DOCN is transitioning from a multiple-expansion story into a capacity-constrained operating story, which is a much rarer setup. When demand is running materially ahead of supply and pricing is still firm, the near-term earnings power is being gated by infrastructure rollout rather than customer acquisition, so the next leg of upside likely comes from megawatt additions and financing efficiency rather than pure top-line beats. The second-order winner is not just DOCN itself but the broader AI infrastructure stack that can monetize without heavy balance-sheet strain: equipment financiers, power/colo vendors, and GPU-adjacent suppliers with exposure to inference rather than training. The key implication is that inference demand is becoming more “utility-like” than “project-like,” which should compress customer payback periods and increase the willingness of enterprises to lock in multi-quarter capacity commitments.
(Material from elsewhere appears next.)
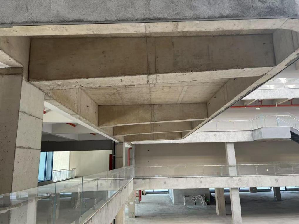 技術(shù)創(chuàng)新:通過對(duì)撓度和裂縫進(jìn)行控制,達(dá)到砼框架結(jié)構(gòu)6米大懸挑的要求;采用寬扁梁以及給排水管道穿梁的做法解決要求最大凈空的要求;中庭采用24米大跨度井字梁結(jié)構(gòu)。

The main risk is that the market is extrapolating peak scarcity economics into a longer runway than may be justified. If new capacity comes online faster than expected over the next 2-3 quarters, the implied uplift in 2027-2028 estimates can stall even if revenue keeps growing, and the stock can de-rate from narrative premium to execution premium. The other watch item is concentration: if the inference mix is heavily skewed toward a small number of high-usage customers, any optimization by those clients could look like demand softness before it shows up in headline growth. Consensus seems to be underestimating how much of this move is already forward-pricing 2027-2028 outcomes. That creates a clean tactical asymmetry: the business can keep compounding, but the equity may need a near-perfect sequence of capacity adds, pricing stability, and guide raises to justify current levels. In that sense, the stock is less a bargain and more a quality momentum name where the burden of proof shifts to the next two earnings prints.